KENNEWICK, WA - Mirko Micic is a local business owner, father, and quite the inspiration. He came to America 20 years ago after a civil war broke his home country apart.
"You were a teenager growing up in the former Republic of Yugoslavia," said Tracci Dial. "Can you describe that for me?"
"I was 14 years old when the war started," Mirko said. "I lost a lot of family. Like 18 relatives, my family. They killed my father between like me and you"--he gestures to the space between them--"maybe four or five feet. They shot him. Killed him. I was there too. I have two bullets in my knee and I survived because I pretended to be dead."
"How did you recover from that?" Tracci asked.
"It's taken a long time," Mirko answers. "You will die and never forget."
"So you lived in a war zone. What did that look like for a teen boy?"
"It looks like [a] movie. From the beginning. Something happens to you and when you run for your life... like, 'oh my God, is this really happening?'" said Mirko.
"What were your ideas of America back then?"
"It was totally different because of how they teach us in school and stuff. Totally different pictures of the USA. When I came here I didn't have any money, I wanted to go back. Now it's totally different. I'm here. I have a wife and we have three kids so that's my home now."
"In fact, your son is 11... just three years away from how old you were when you went through some really traumatic things," Tracci pointed out. "What is it like looking back at your life as a teenager versus how your kids have grown up?"
"Oh my goodness, if I told you I went to bed and didn't have any food to eat sometimes, you couldn't believe me," Mirko replied. "Most people here don't believe you and it happened to me. I didn't have a bicycle, I didn't have new shoes. Even when I came to [the] United States, I came in flip flops. I still have those in my garage. I'm keeping them. So my kids... it's night and day difference."
"You came to America; soon after you started working here at USA Brake & Auto. You said you knew very little English at the time. In seven years, you bought the place and now you're the owner doing super well for yourself and your family!"
"You have to have some plans in your head if you want to do and how to do everything," Mirko explained. "You have to be lucky and you have to be good, too. Those two things. Lucky. Meet people at the right time and be honest. Don't steal, don't do things I call them stupid - I don't know if that's the right words to say. Treat everyone how you wanted to be treated if you go somewhere."
"I find it interesting that you say you count yourself lucky - at the same time you're telling me about all the horrors you've gone through over in Bosnia."
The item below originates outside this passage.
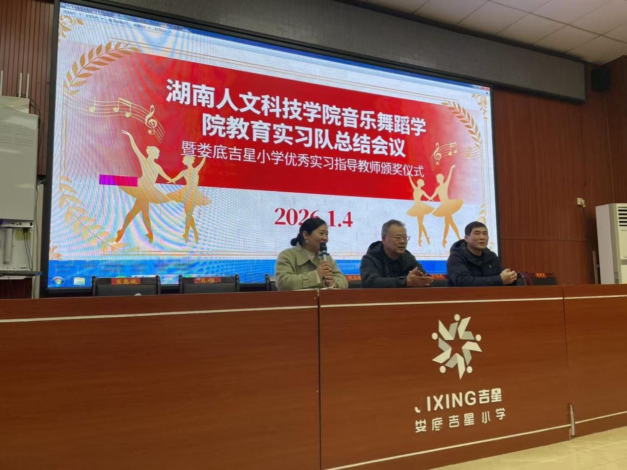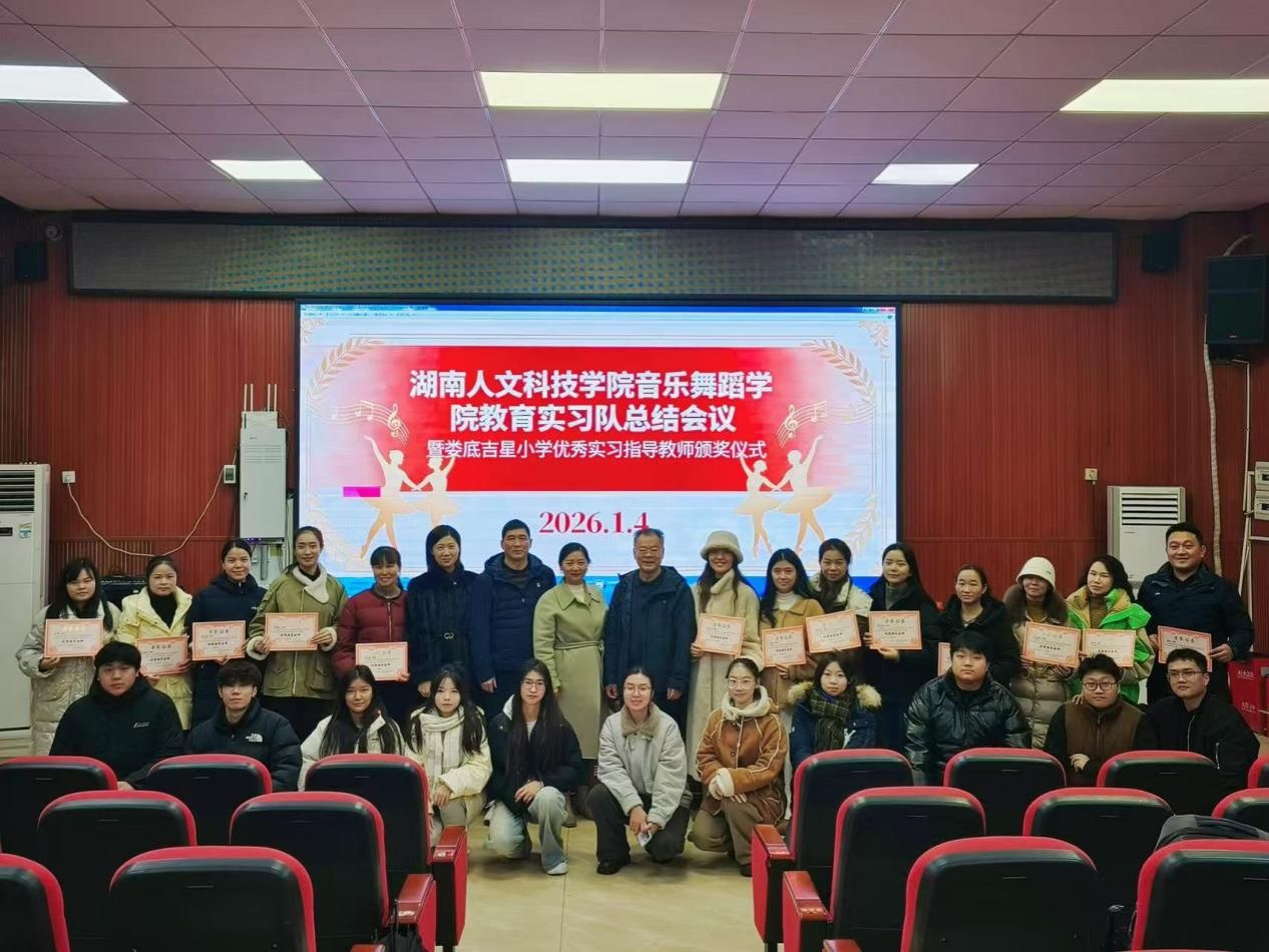 2026年1月4日下午4时,beat365中文官方网站音乐舞蹈学院在娄底市吉星小学隆重举行教育实习总结会议暨优秀实习指导教师颁奖仪式。学院教学副院长颜春英副教授、实习带队教师刘玲博士、吉星小学刘玉怀书记、李伯雄校长、肖飞兰副校长、颜彪副校长、教育实习组长亢景兹老师及全体实习指导教师,与音乐舞蹈学院14名大四实习生共同参与了本次活动,为一段历时四个半月的教育实践之旅画上圆满句号。

"I could [have] died over there one hundred times and I think God was looking for me, saving [me] because he took a lot from us and my family. I was almost two years in the Army, too, so."
"How old were you when you were done serving?" Tracci asked.
"Around 20 or so maybe."
"Yeah, and half of the people in the Army... half of them didn't make it," added Mirko. "Still when I go there and I go to graves, the goosebumps from being there and remembering those moments twenty, twenty-five years ago."
"Well Mirko, what would you say is the American Dream?"
"You know, just put it this way: over here, a lot of people don't know how lucky they are. It's just a great country. Great opportunities for everybody - doesn't matter if you're white, black, yellow, green, whatever. So you have to work, work, work. If I did it, you can do it too," Mirko said.